Purpose : To compare changes in refraction following lens-sparing vitrectomy between patients with rhegmatogenous retinal detachment (RRD) and epi-retinal membrane (ERM) and to investigate factors associated with the change in refraction.

Methods : We reviewed medical records of 49 eyes of 49 patients with RRD (53.6 ± 7.8 years) and 24 eyes of 24 patients with ERM (50.9 ± 15.7 years) who underwent lens-sparing vitrectomy. Spherical equivalent refractive power was evaluated before and up to 18 months after surgery. The relationship between the change in refraction and several parameters was evaluated.

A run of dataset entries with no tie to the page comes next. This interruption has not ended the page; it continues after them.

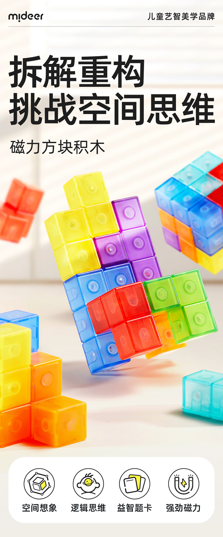 【丸丫专属】mideer弥鹿立体磁力吸积木0到3岁儿童玩具方块益智大颗粒宝宝礼物
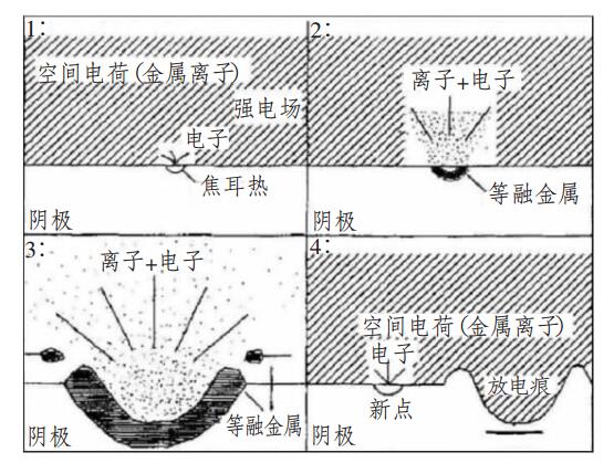 圖2為真空弧光放電示意圖,真空弧光放電理論認為電量的遷移主要借助于場電子發射和正離子電流,這兩種機制同時存在,而且相互制約。在放電過程中,陰極材料大量蒸發,這些蒸發原子產生的正離子在陰極表面附近很短的距離內產生極強的電場,在這樣強的電場作用下,電子足以能直接從金屬的費米能級逸出到真空,產生所謂的“場電子發射”。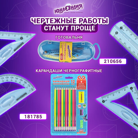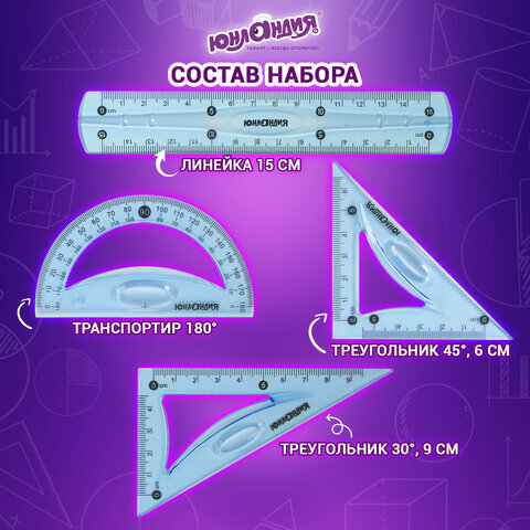 Гибкий ударопрочный набор чертежных инструментов ЮНЛАНДИЯ "FLEX" предназначен для чертёжных и измерительных работ.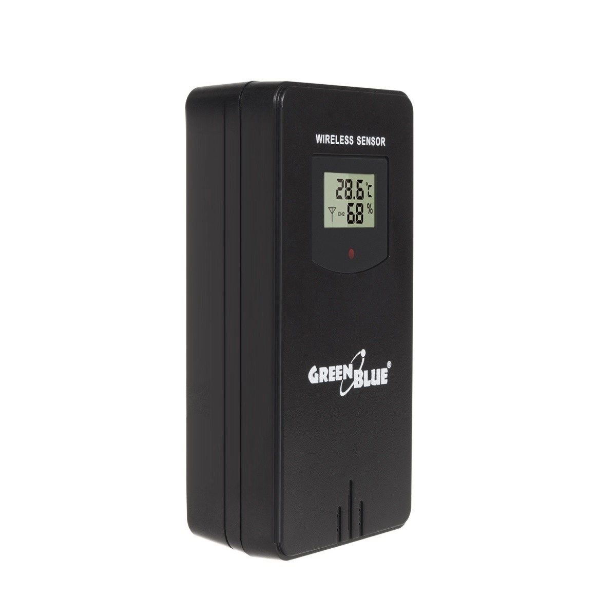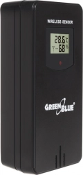 Kompaktowy zewnętrzny czujnik mierzy temperaturę i wilgotność, a dane bezprzewodowo przesyła do jednostki głównej na odległość około 60 metrów.

Results : A significant progressive myopic shift in refractive power was observed after vitrectomy in operated RRD and ERM eyes (P < 0.001, P = 0.016, respectively), with no significant difference in fellow eyes. The change in refraction between RRD and ERM patients was significant (P = 0.030). The multiple linear regression analysis shows only age was significantly correlated with the change in refraction in RRD (P = 0.018) and ERM (P < 0.001) patients. The change in refraction was significantly and positively correlated with age in RRD (r = −0.461, P = 0.001) and ERM (r = −0.687, P < 0.001) patients. A significant difference in the frequency of cataract surgery in both groups was observed (P = 0.022).

Conclusions : Following lens-sparing vitrectomy for RRD and ERM, a progressive myopic shift in refraction due to nuclear sclerosis was observed. Core vitrectomy itself would cause a myopic shift of refraction. The only risk factor associated with cataract progression following lens-sparing vitrectomy is age for both types of patients.

This is an abstract that was submitted for the 2016 ARVO Annual Meeting, held in Seattle, Wash., May 1-5, 2016.